Depuis une vingtaine d’années, la société est marquée par un essor très net des croyances parallèles. Guy Michelat analyse ce phénomène à partir d’enquêtes qu’il a menées avec Daniel Boy, et met en lumière plusieurs constatations.
Les femmes, nous dit-il, sont plus croyantes que les hommes ; plus on est jeune, plus on croit au paranormal ; et, contrairement à l’astrologie, les croyances au paranormal ne sont pas rares parmi ceux qui ont fait des études supérieures.
Par ailleurs, si 81 % des Français estiment que le développement de la science entraîne le progrès, 51 % approuvent l’idée qu’il y a des réalités que la science ne parviendra jamais à expliquer. Pour beaucoup, les parasciences deviendront sciences demain. Il y a un désir, d’une part, de légitimer le surnaturel par la science et, d’autre part, de cultiver le charme et le mystère des croyances parallèles.
Ensuite, si le recul du catholicisme accompagne l’augmentation des croyances au paranormal, celles-ci ne s’opposent pas aux croyances religieuses, et sont même plus fréquentes chez ceux qui reconnaissent l’existence de Dieu et celle d’un au-delà après la mort.

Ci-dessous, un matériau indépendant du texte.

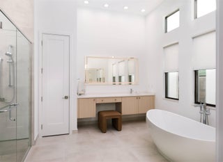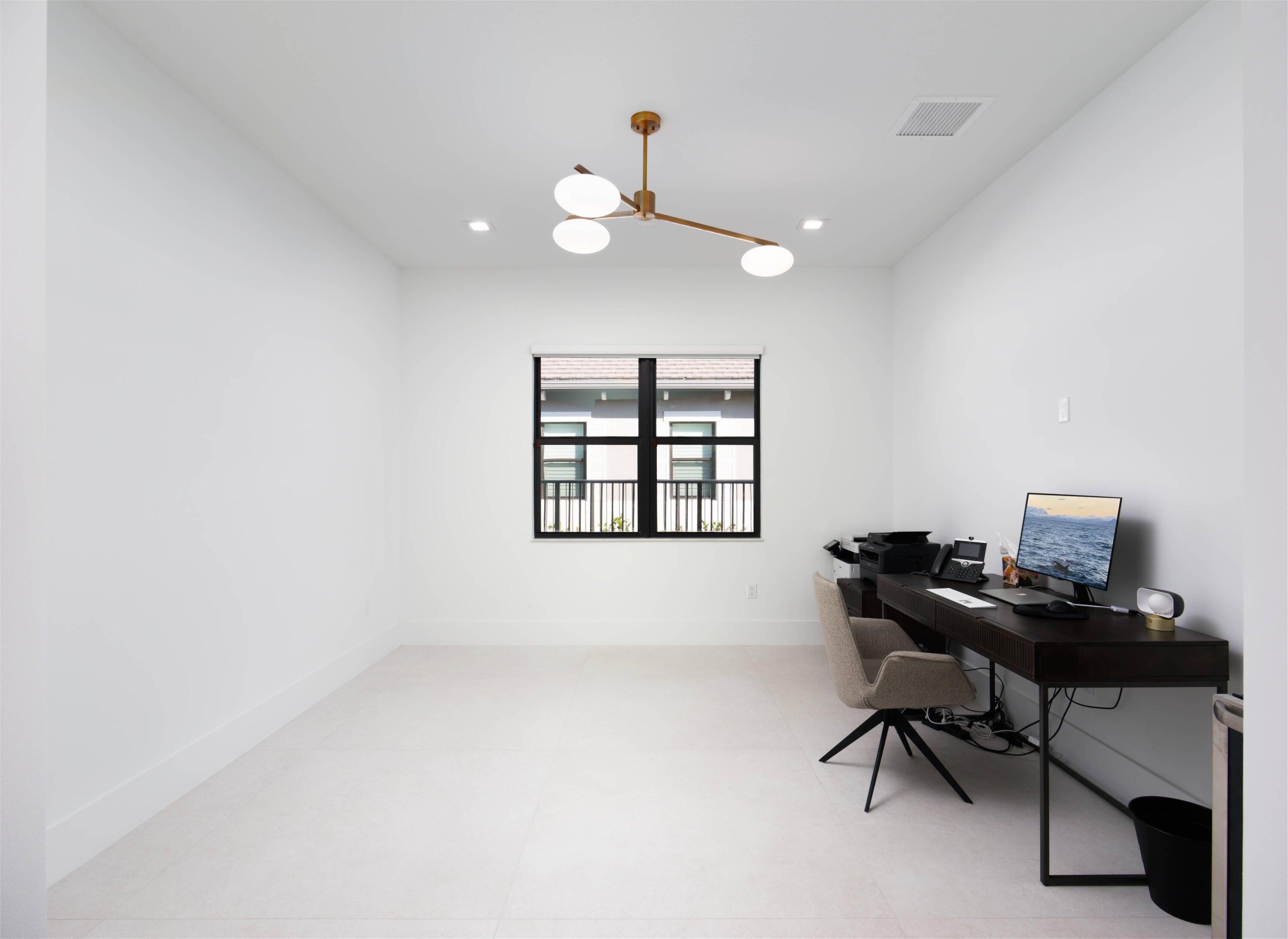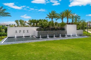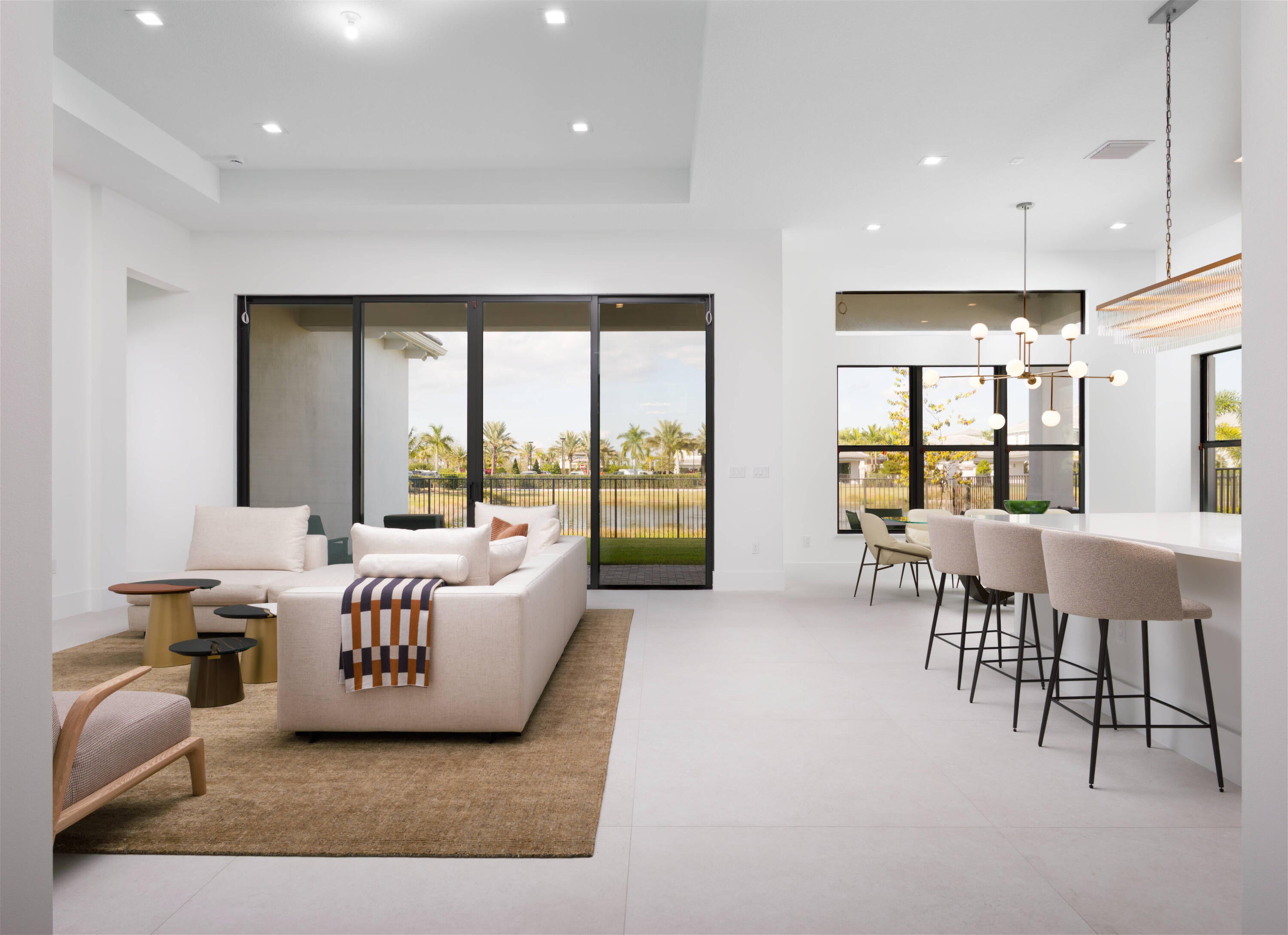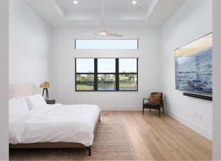 Experience refined contemporary living in this newly built 2024 single-story residence located in the prestigious Apex at Avenir. With 3,248 square feet of thoughtfully designed living space on an 8,085-square-foot lakefront lot, this 4-bedroom, 4.5-bath home with an office and a 3-car garage delivers a perfect blend of luxury, comfort, and modern elegance. Through elegant French doors, the foyer welcomes you with soaring ceilings and a breathtaking chandelier that instantly sets a tone of sophistication. Large-format stone-look porcelain tile, an alabaster-toned color palette, and custom high-end lighting thoughtfully placed throughout create a bright, cohesive environment that balances elegance with clean, contemporary warmth. The expansive great room is ideal for both relaxation andentertainment, featuring a recessed ceiling, a media-ready wall, and double sliding doors that open to the covered patio. The adjacent gourmet kitchen showcases modern white oak cabinetry, crisp white quartz countertops and backsplashes, an impressive island with extra storage and seating, and a full suite of stainless steel appliances including a gas range. The elegant dining room, framed by large windows, offers peaceful views of the side garden and the shimmering lake and fountain. A dedicated office provides a spacious and quiet retreat for work or study. The primary suite is a true sanctuary, appointed with warm wood flooring, a recessed ceiling, and serene lake views. It includes room for a sitting area, dual walk-in closets, and a luxurious spa-inspired bathroom featuring dual vanities (one with a make-up/dressing station), a grand soaking tub, and an expansive glass-enclosed rain shower with floor-to-ceiling tile and a built-in bench. Three additional guest suites offer warm wood flooring, walk-in closets, and private en-suite bathrooms, each serving as a blank canvas for individual style. Outdoor living is effortless with a covered patio designed for entertaining, with distinct seating and dining areas and views of the manicured, fully fenced backyard. With plenty of room for a future pool and spa, the property backs to a tranquil lake and fountain for stunning daily scenery. Additional features include full impact windows, a spacious interior laundry room with abundant storage, a utility sink, and high-efficiency appliances. This is modern Florida luxury at its finest, stylish, expansive, and designed for elevated living.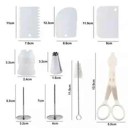 Baking Tools Accessories: Includes essential tools such as spatulas, smoothing tools, and piping bags for professional-quality cake decorating.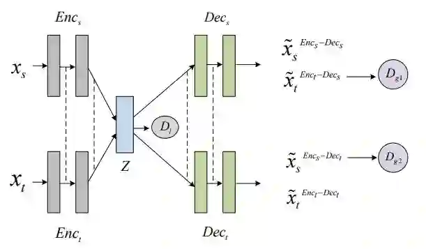 Encoder和 Decoder之间的虚线部分,即提取和分解句子的高级特征的部分被两个 Encoder和两个 Decoder共享。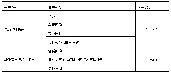 本理财计划资金由河北银行投资于以下符合监管要求的各项资产:一是高流动性金融工具,包括但不限于存放同业、银行间市场质押式回购、票据回购、较高信用等级债券;二是其他资产或资产组合,包括但不限于租赁回购、证券、基金或保险公司资产管理计划、信托计划等。本产品投资的资产种类和比例如下,可在[-10%,+10%]的区间内浮动: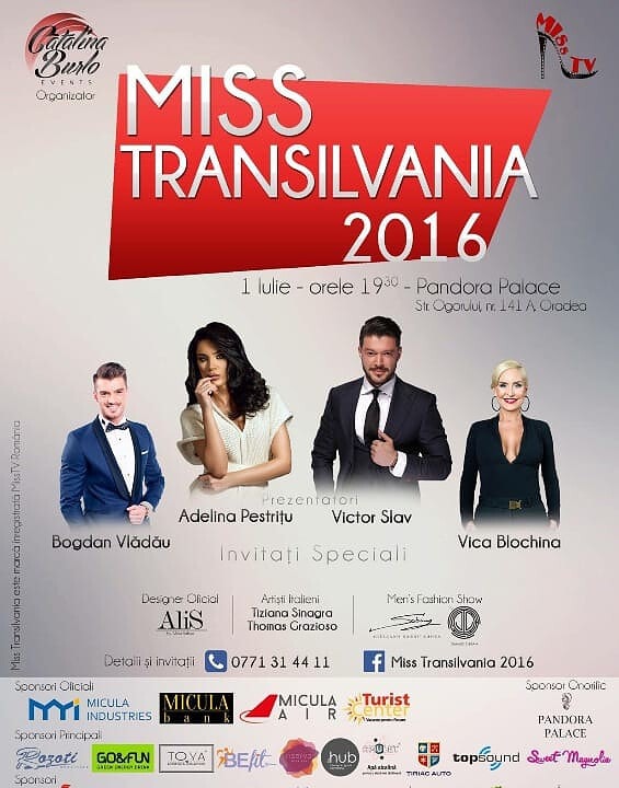 Miss Transilvania 2016, îi va avea ca prezentatori pe Adelina Pestrițu şi Victor Slav, dar şi invitați speciali precum Bogdan Vlădău şi Vica Blochina.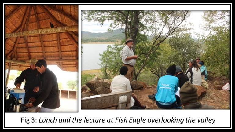 In the blink of an eye it was lunch, and much like the rest of the lecture, lunch was different this weekend. We packed up and left for the Fish Eagle picnic spot where we could enjoy our lunch, and afterwards have a short lecture on the landscape that we could see from the picnic site.

Enfin, en espérant une vérification rationnelle, l’individu a recours à des croyances parascientifiques, effet pervers de la modernité et de la diffusion de l’idéologie du progrès. Cette science enchantée, éloignée de la rigueur scientifique, apaise les angoisses liées à la mort, et apporte une cohérence psychologique et affective. En situation d’anomie, qui entraîne précarité, mauvaise insertion professionnelle et sociale, crainte du lendemain, solitude affective, l’homme a d’autant plus recours au paranormal.
En conclusion, nous dit Guy Michelat, alors que les collectifs » prêts à penser » se fragilisent et que les repères habituels se dégradent, la part de liberté de l’homme augmentant (et par là son anxiété), il cherche des réponses personnelles, substitut des grands systèmes traditionnels.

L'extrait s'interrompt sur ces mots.